* _EXERCISE DATA_
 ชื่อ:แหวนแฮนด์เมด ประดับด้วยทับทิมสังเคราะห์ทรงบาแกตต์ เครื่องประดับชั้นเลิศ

---

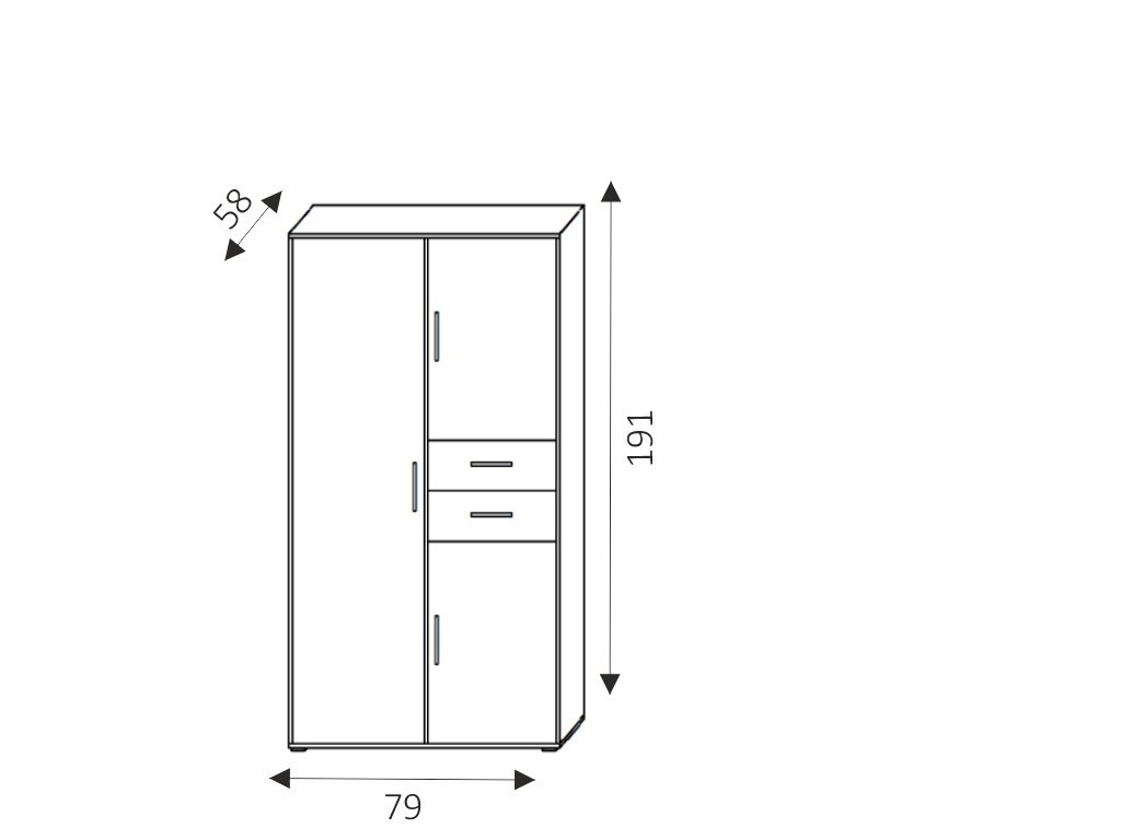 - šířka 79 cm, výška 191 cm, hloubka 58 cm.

---

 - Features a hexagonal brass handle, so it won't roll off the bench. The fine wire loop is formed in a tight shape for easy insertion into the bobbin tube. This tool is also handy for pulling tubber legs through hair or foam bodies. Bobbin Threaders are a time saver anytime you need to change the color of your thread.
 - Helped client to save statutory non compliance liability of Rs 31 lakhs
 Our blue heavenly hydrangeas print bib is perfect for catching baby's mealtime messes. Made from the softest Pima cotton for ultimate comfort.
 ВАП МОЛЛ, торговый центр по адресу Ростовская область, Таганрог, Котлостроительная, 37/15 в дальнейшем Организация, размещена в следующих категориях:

* _WORK REQUIRED_
From the records above, transcribe without alteration every line from the one with "- Features a" to the one with "ВАП МОЛЛ, торговый", inclusive.

* _RESPONSE TO THE TASK_
 - Features a hexagonal brass handle, so it won't roll off the bench. The fine wire loop is formed in a tight shape for easy insertion into the bobbin tube. This tool is also handy for pulling tubber legs through hair or foam bodies. Bobbin Threaders are a time saver anytime you need to change the color of your thread.
 - Helped client to save statutory non compliance liability of Rs 31 lakhs
 Our blue heavenly hydrangeas print bib is perfect for catching baby's mealtime messes. Made from the softest Pima cotton for ultimate comfort.
 ВАП МОЛЛ, торговый центр по адресу Ростовская область, Таганрог, Котлостроительная, 37/15 в дальнейшем Организация, размещена в следующих категориях:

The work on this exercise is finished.